Le tribunal de Paris a débouté le 28 février dernier six organisations non-gouvernementales (ONG) françaises et ougandaises qui poursuivaient TotalEnergies au nom du « devoir de vigilance des multinationales », d’après une loi de 2017 relative aux impacts sociaux et environnementaux. Les Amis de la Terre et Survie, entre autres, dénonçaient les risques que font peser les projets du géant pétrolier français et du groupe China National Offshore Oil Corp (CNOOC) en Ouganda et en Tanzanie. La justice estime que les associations ont présenté à l’audience des griefs « substantiellement différents » de ceux formulés en 2019. Les plaignants pourraient faire appel. Et aux États-Unis, des ONG attaquent en justice Marsh Insurance pour qu’il renonce à assurer le pipeline.

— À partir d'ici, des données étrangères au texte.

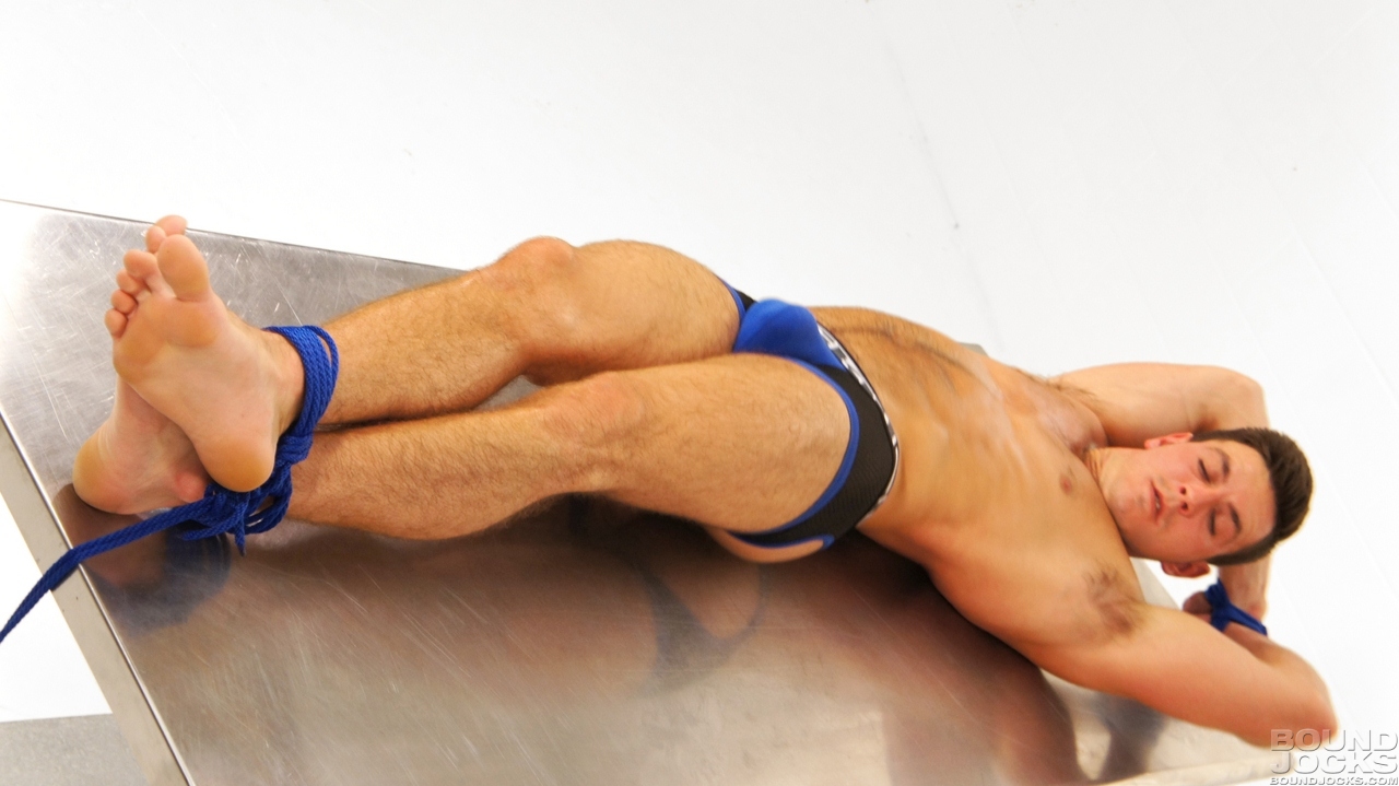 British jock Paddy O’Brian is too good looking for his own good. He wakes up to find himself stretched out on a metal table with his hands tied above his head and ankles tied to the other end.
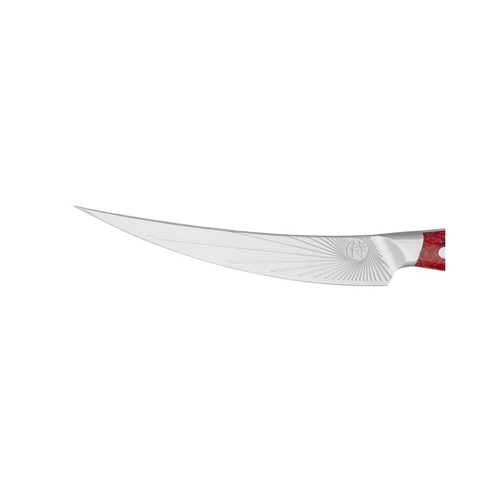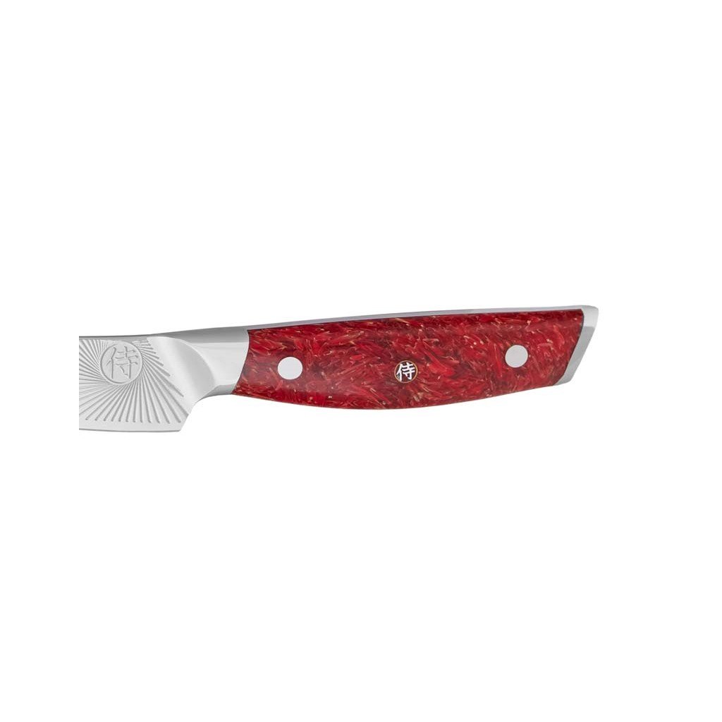 - ekstraordinært design - håndtag lavet af riskorn dækket af rød epoxyharpiks med japansk samurai-emblem
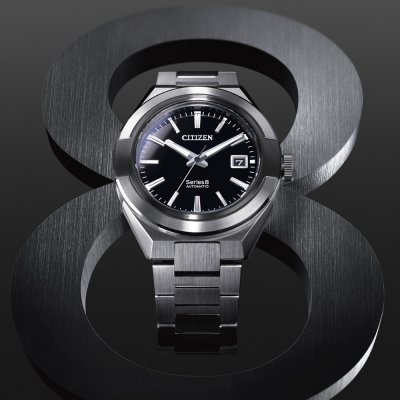 Le chiffre 8 tourné sur le côté symbolise, chez Citizen, l'artisanat et le lien sans fin entre la montre et le porteur. Les montres de la série 8 sont équipées des propres mouvements automatiques de Citizen qui offrent une résistance magnétique améliorée qui sont nettement plus minces que les mouvements comparables.
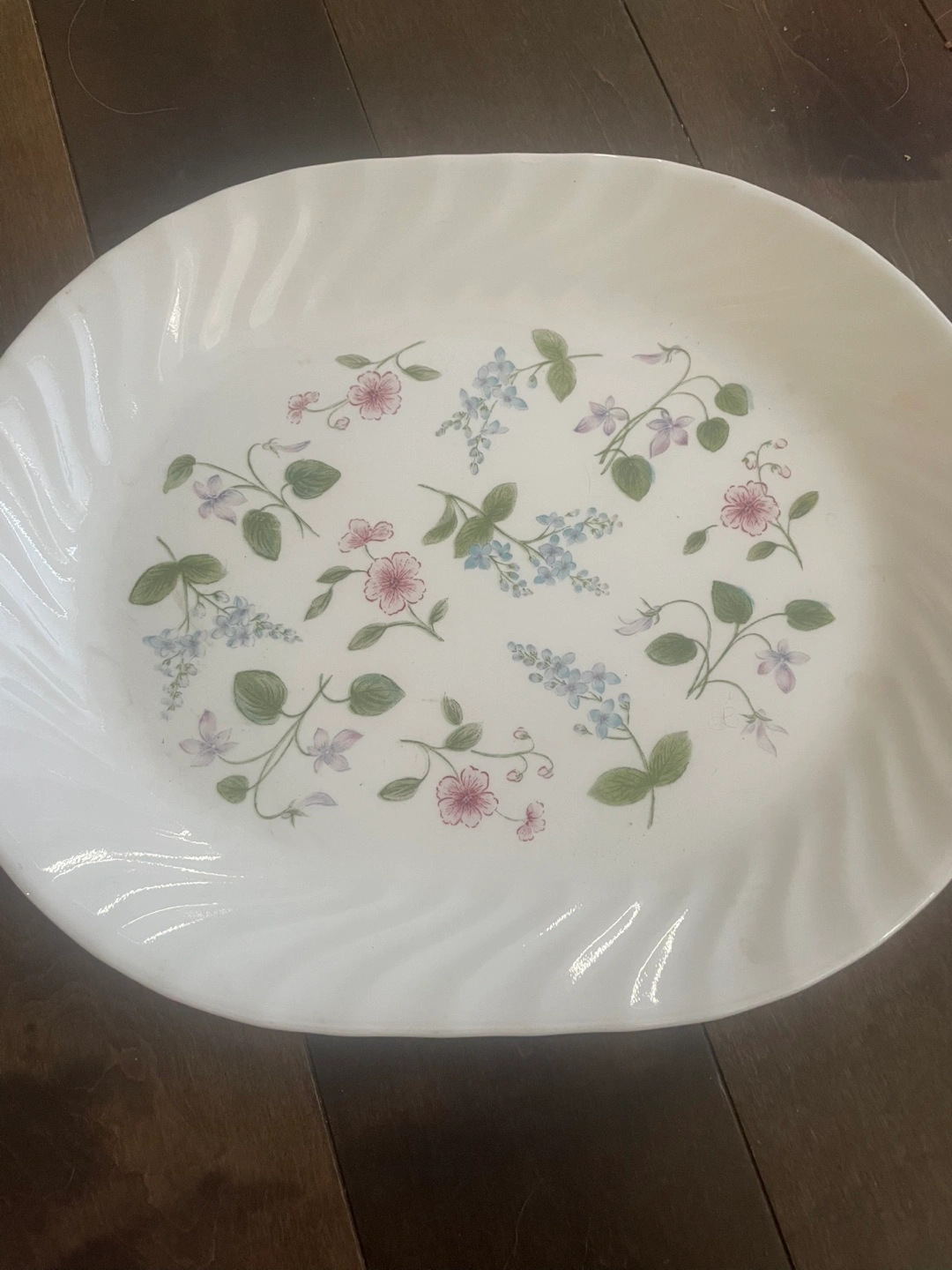 Selling a Corelle platter featuring a lovely floral design! It's in great shape and ready to brighten up your table. This platter is break and chip resistant, and made in the USA! Pick up in Chappelle . Asking $15.

Les réserves de pétrole dans la région ougandaise du lac Albert sont estimées à 6,5 milliards de barils, dont 1,4 milliard jugé exploitable. En février 2022, le président Yoweri Museveni et le PDG de TotalEnergies, Patrick Pouyanné, ont signé un contrat à 10 milliards d’euros portant sur l’extraction de 200 000 barils par jour, qui seront ensuite exportés via l’East African Crude Oil Pipeline (EACOP), oléoduc chauffé de 1 445 km, jusqu’au port de Tanga en Tanzanie.
Les défenseurs de l’environnement reprochent à TotalEnergies de forer dans le parc national Murchison
Falls, celui-ci s’étant vu attribuer 10 % des 3 840 km2 de ce site naturel remarquable. Le tracé de l’oléoduc devrait également affecter environ 100 000 Tanzaniens, peu indemnisés. Le géant pétrolier réplique en expliquant que son impact sera limité grâce à un système de puits horizontaux (un forage vertical à partir duquel partent plusieurs forages horizontaux), et s’engage à accroître la population de chimpanzés et à réintroduire des rhinocéros noirs.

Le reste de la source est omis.